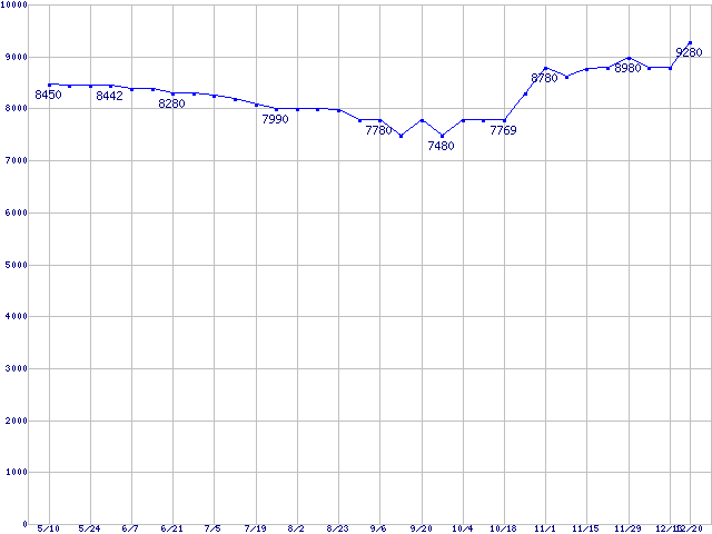Deskstar P7K500 (7200rpm,SATA 3Gb/s)の最安値推移
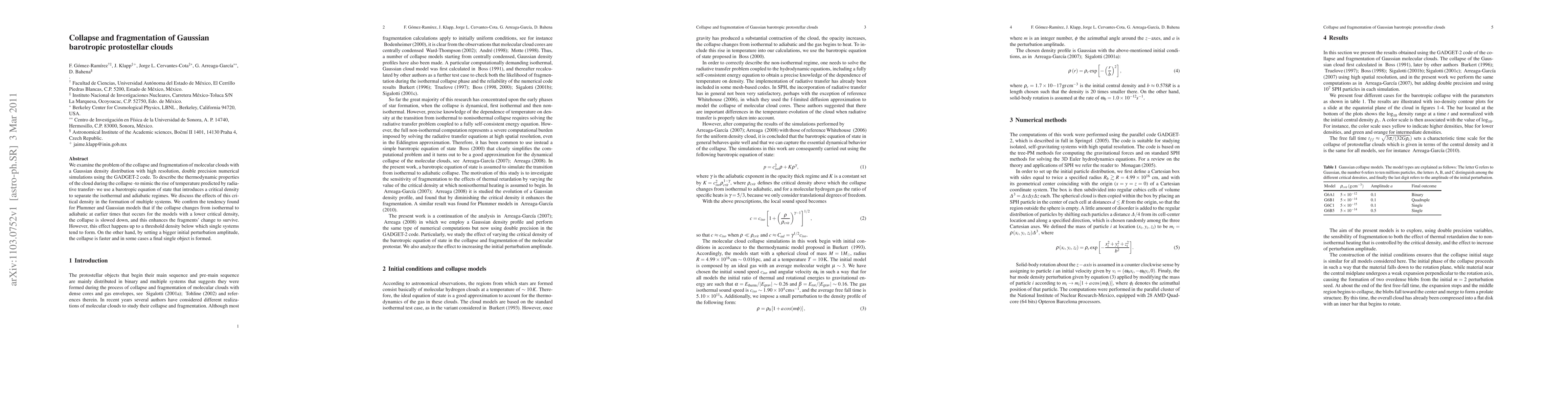 We examine the problem of the collapse and fragmentation of molecular clouds with a Gaussian density distribution with high resolution, double precision numerical simulations using the GADGET-2 code. To describe the thermodynamic properties of the cloud during the collapse -to mimic the rise of temperature predicted by radiative transfer- we use a barotropic equation of state that introduces a critical density to separate the isothermal and adiabatic regimes. We discuss the effects of this critical density in the formation of multiple systems. We confirm the tendency found for Plummer and Gaussian models that if the collapse changes from isothermal to adiabatic at earlier times that occurs for the models with a lower critical density, the collapse is slowed down, and this enhances the fragments' change to survive. However, this effect happens up to a threshold density below which single systems tend to form. On the other hand, by setting a bigger initial perturbation amplitude, the collapse is faster and in some cases a final single object is formed.
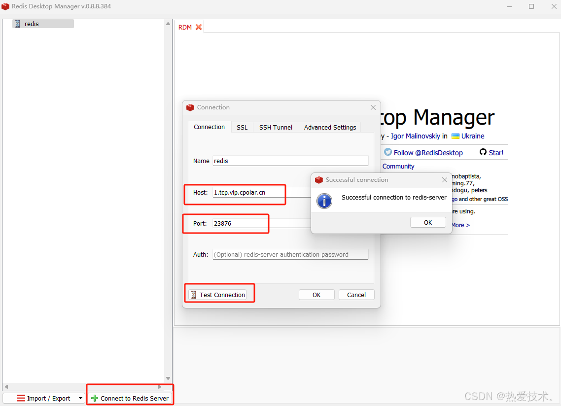 输入后点击连接测试,如看到弹出框提示成功连接,即本地连接redis测试成功。
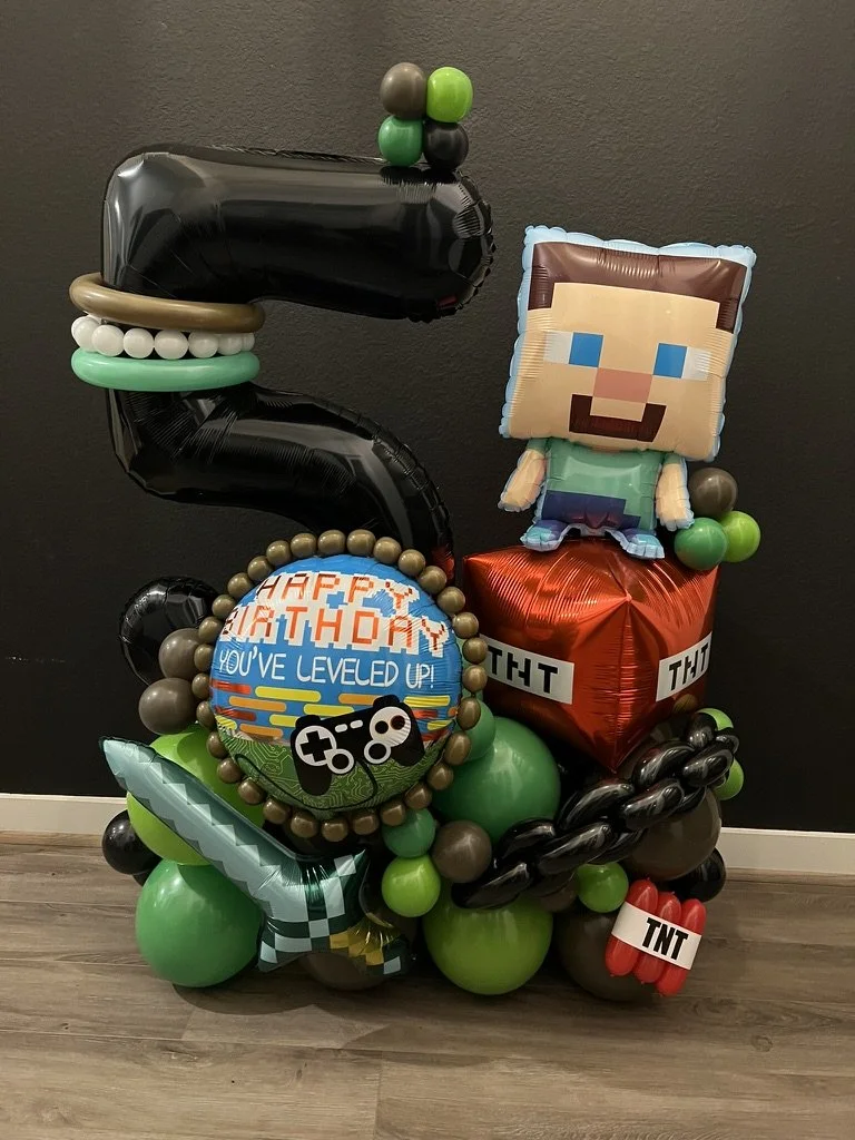 This Minecraft-themed balloon stack was the perfect way to celebrate a gamer turning five! Inspired by the iconic world of blocks and adventure, this design was packed with fun details that brought the theme to life. 🟩🟫
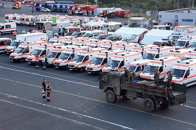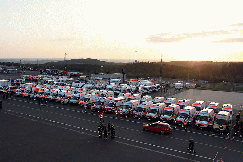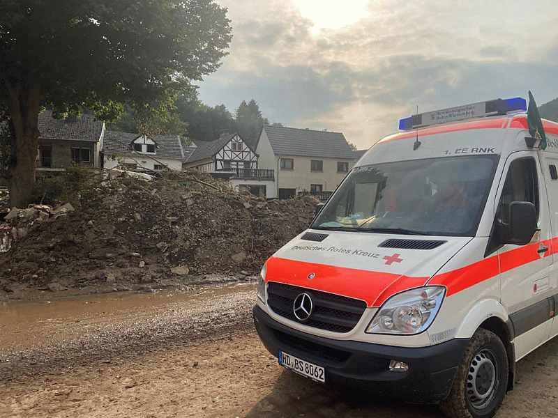 Die Bilder vom Bereitstellungsraum am Nürburgring sind beeindruckend: Hunderte Einsatzwagen von Rettungsdiensten, THW und Feuerwehr reihen sich neben schwerem Gerät der Bundeswehr auf. Einsatzleiter geben Funksprüche ab. Alle 15 Minuten startet ein Helikopter und bringt Frischwasser ins Katastrophengebiet. Tausende Rettungskräfte sammeln sich hier, um bei der schlimmsten Naturkatastrophe zu helfen, die Deutschland in den letzten Jahrzehnten getroffen hat. Auf dieses Szenario trafen auch ehrenamtliche Helferinnen und Helfer des DRK-Kreisverbandes Rhein-Neckar/Heidelberg.
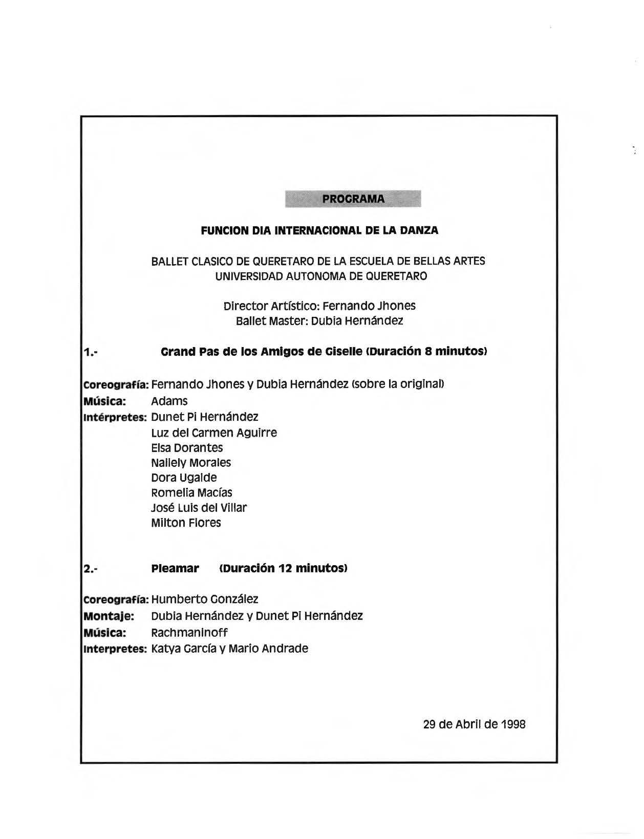 Programa para la función del Día de la danza en el año 1998.
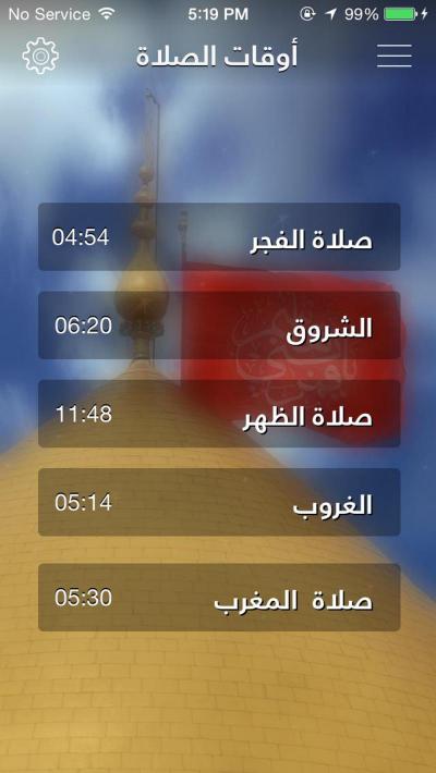 6- The timing of the prayers through the use of the phone's location (using latitude and longitude lines) that helps to know the prayer time even while travelling, with a choice in the Mu'adhens' voices from Karbala and beyond, with the possibility of prayer's schedule according to its geographical location;
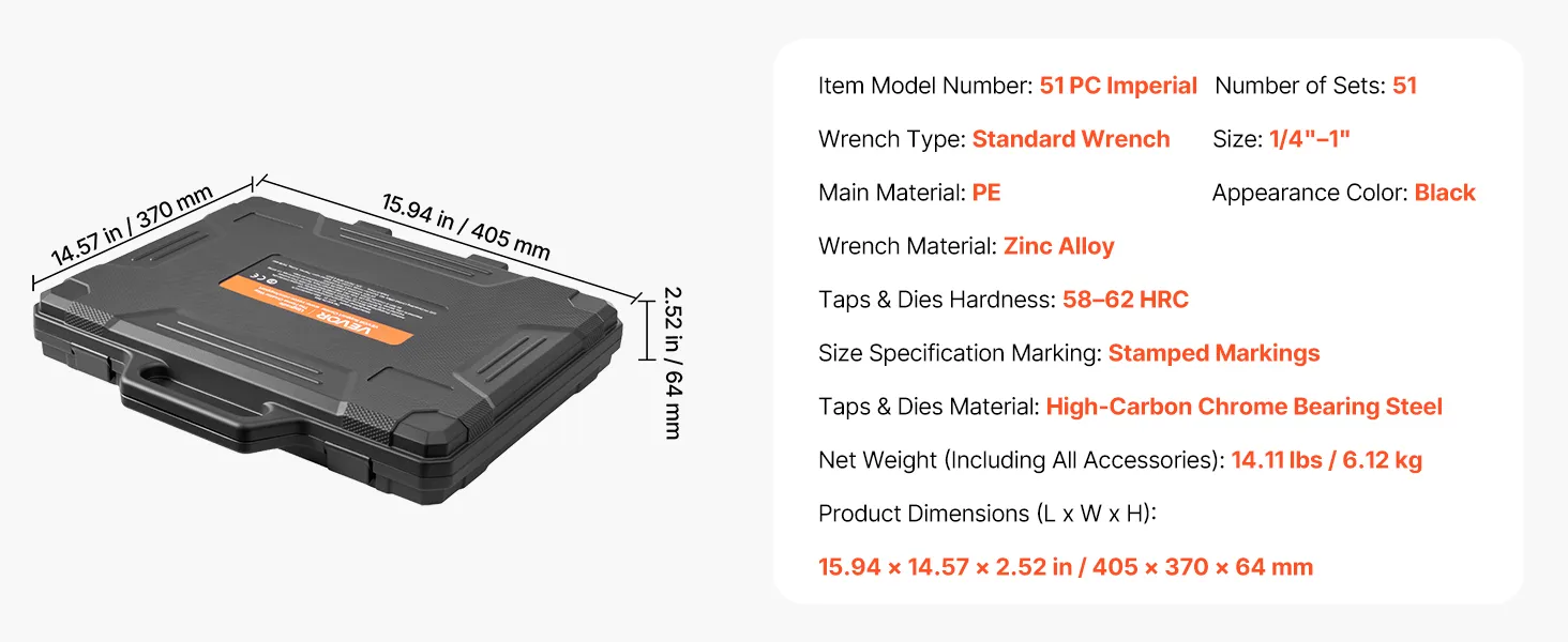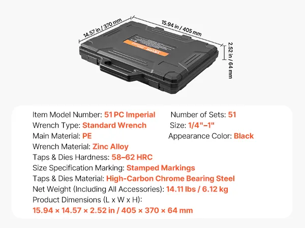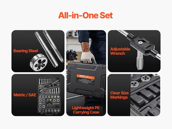 • 51-delige SAE-set: Deze complete 51-delige draadsnijset dekt alle gangbare taken op het gebied van inwendig en uitwendig schroefdraad. Hij is ideaal voor zowel het snijden van nieuw schroefdraad als het professioneel repareren van beschadigd schroefdraad. Omdat alle benodigde gereedschappen zijn inbegrepen, heeft u geen extra gereedschapssets nodig voor uw projecten.

......

# Assignment:
The copy should match each line above exactly and contain no images.

# The completed task:
Deskstar P7K500 (7200rpm,SATA 3Gb/s)の最安値推移
 We examine the problem of the collapse and fragmentation of molecular clouds with a Gaussian density distribution with high resolution, double precision numerical simulations using the GADGET-2 code. To describe the thermodynamic properties of the cloud during the collapse -to mimic the rise of temperature predicted by radiative transfer- we use a barotropic equation of state that introduces a critical density to separate the isothermal and adiabatic regimes. We discuss the effects of this critical density in the formation of multiple systems. We confirm the tendency found for Plummer and Gaussian models that if the collapse changes from isothermal to adiabatic at earlier times that occurs for the models with a lower critical density, the collapse is slowed down, and this enhances the fragments' change to survive. However, this effect happens up to a threshold density below which single systems tend to form. On the other hand, by setting a bigger initial perturbation amplitude, the collapse is faster and in some cases a final single object is formed.
 输入后点击连接测试,如看到弹出框提示成功连接,即本地连接redis测试成功。
 This Minecraft-themed balloon stack was the perfect way to celebrate a gamer turning five! Inspired by the iconic world of blocks and adventure, this design was packed with fun details that brought the theme to life. 🟩🟫
 Die Bilder vom Bereitstellungsraum am Nürburgring sind beeindruckend: Hunderte Einsatzwagen von Rettungsdiensten, THW und Feuerwehr reihen sich neben schwerem Gerät der Bundeswehr auf. Einsatzleiter geben Funksprüche ab. Alle 15 Minuten startet ein Helikopter und bringt Frischwasser ins Katastrophengebiet. Tausende Rettungskräfte sammeln sich hier, um bei der schlimmsten Naturkatastrophe zu helfen, die Deutschland in den letzten Jahrzehnten getroffen hat. Auf dieses Szenario trafen auch ehrenamtliche Helferinnen und Helfer des DRK-Kreisverbandes Rhein-Neckar/Heidelberg.
 Programa para la función del Día de la danza en el año 1998.
 6- The timing of the prayers through the use of the phone's location (using latitude and longitude lines) that helps to know the prayer time even while travelling, with a choice in the Mu'adhens' voices from Karbala and beyond, with the possibility of prayer's schedule according to its geographical location;
 • 51-delige SAE-set: Deze complete 51-delige draadsnijset dekt alle gangbare taken op het gebied van inwendig en uitwendig schroefdraad. Hij is ideaal voor zowel het snijden van nieuw schroefdraad als het professioneel repareren van beschadigd schroefdraad. Omdat alle benodigde gereedschappen zijn inbegrepen, heeft u geen extra gereedschapssets nodig voor uw projecten.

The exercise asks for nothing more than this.